## TASK PROMPT
Word for word, write the lines below out again, with no pictures.

## INPUT DATA
"""

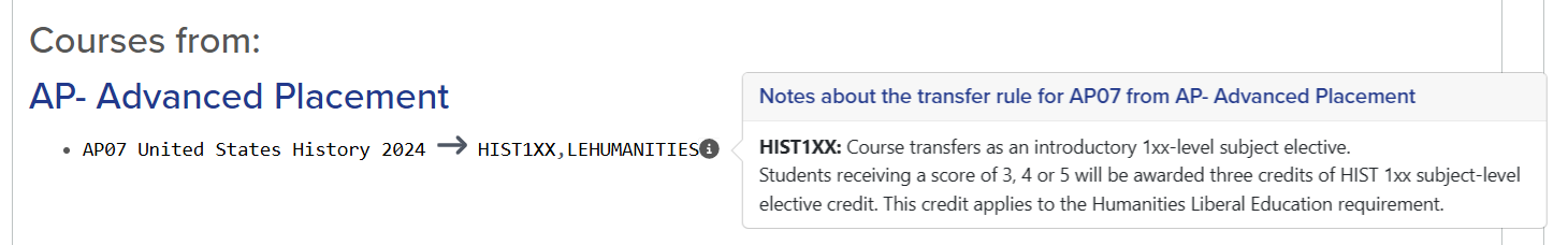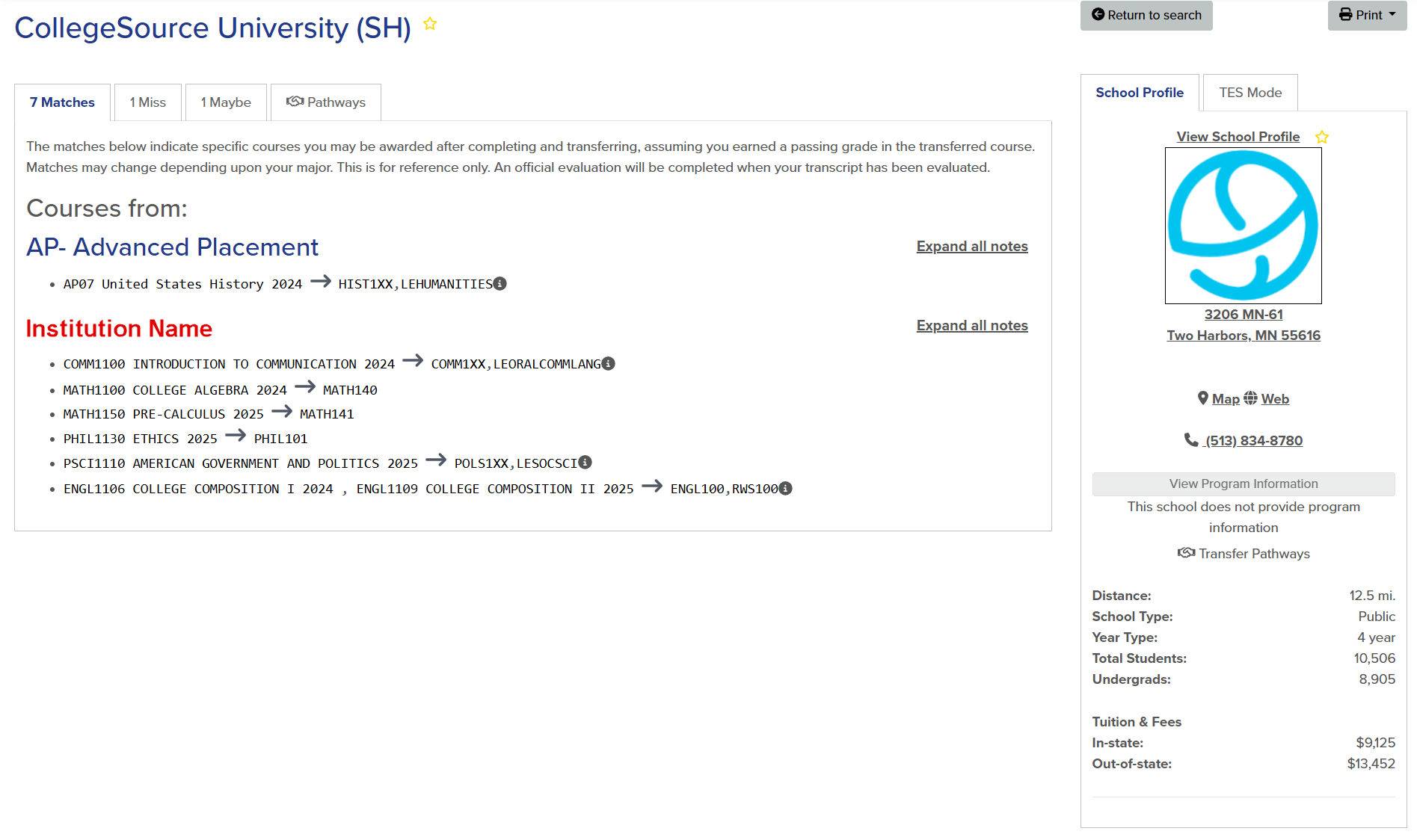 | Matches | Courses, exams, and military credits on this tab have been evaluated by the school as transferring to or earning credit at the institution (assuming they are completed with passing grades). |
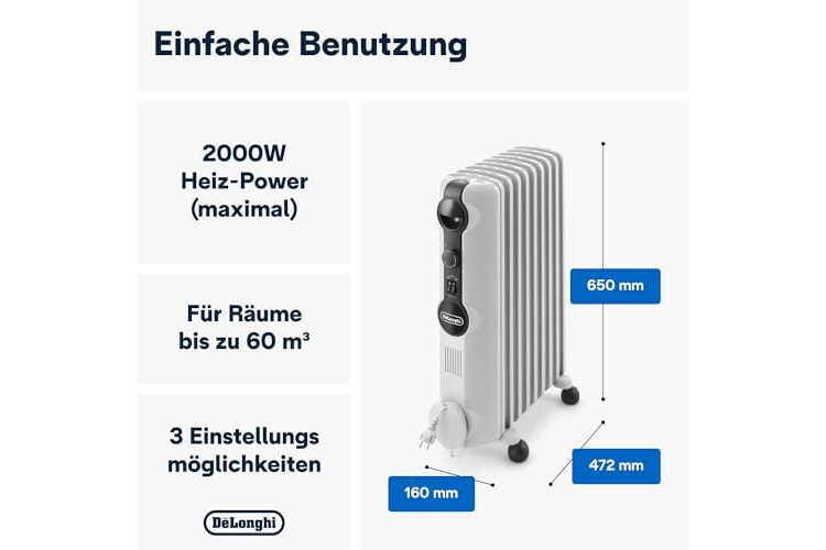 De'Longhi Radiator Radia-S TRRS0920 – 1500 W Heizleistung, stufenloser Temperaturregelung und Frostschutzfunktion
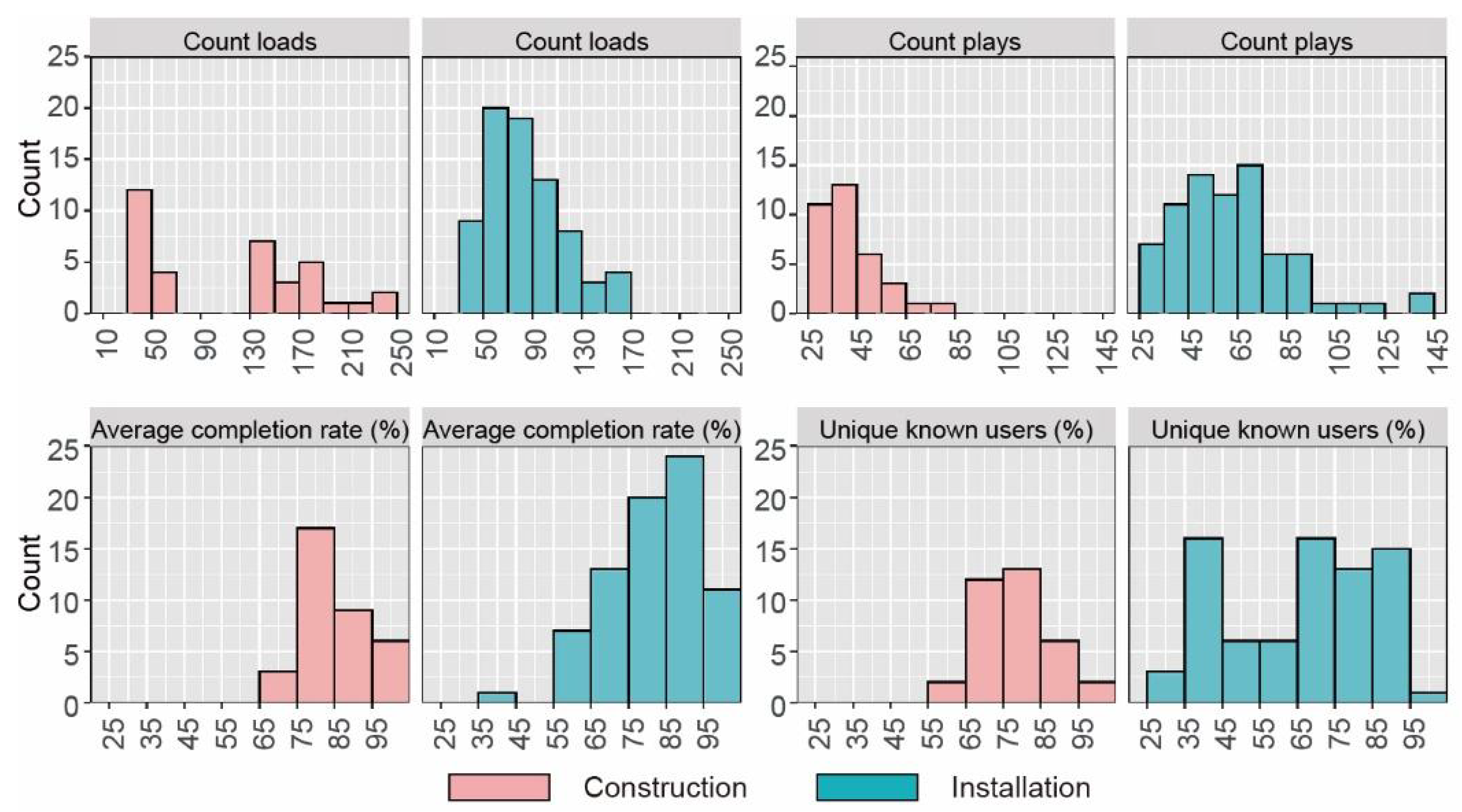 - Impressions (Count loads). A count of the number of times a student loads the video’s page (they do not have to play the video). Through this indicator, the aim is to evaluate the reach that the video has and the potential number of plays it may have. To evaluate the latter, the results had to be compared with the count plays.

"""

## TASK RESULT
 | Matches | Courses, exams, and military credits on this tab have been evaluated by the school as transferring to or earning credit at the institution (assuming they are completed with passing grades). |
 De'Longhi Radiator Radia-S TRRS0920 – 1500 W Heizleistung, stufenloser Temperaturregelung und Frostschutzfunktion
 - Impressions (Count loads). A count of the number of times a student loads the video’s page (they do not have to play the video). Through this indicator, the aim is to evaluate the reach that the video has and the potential number of plays it may have. To evaluate the latter, the results had to be compared with the count plays.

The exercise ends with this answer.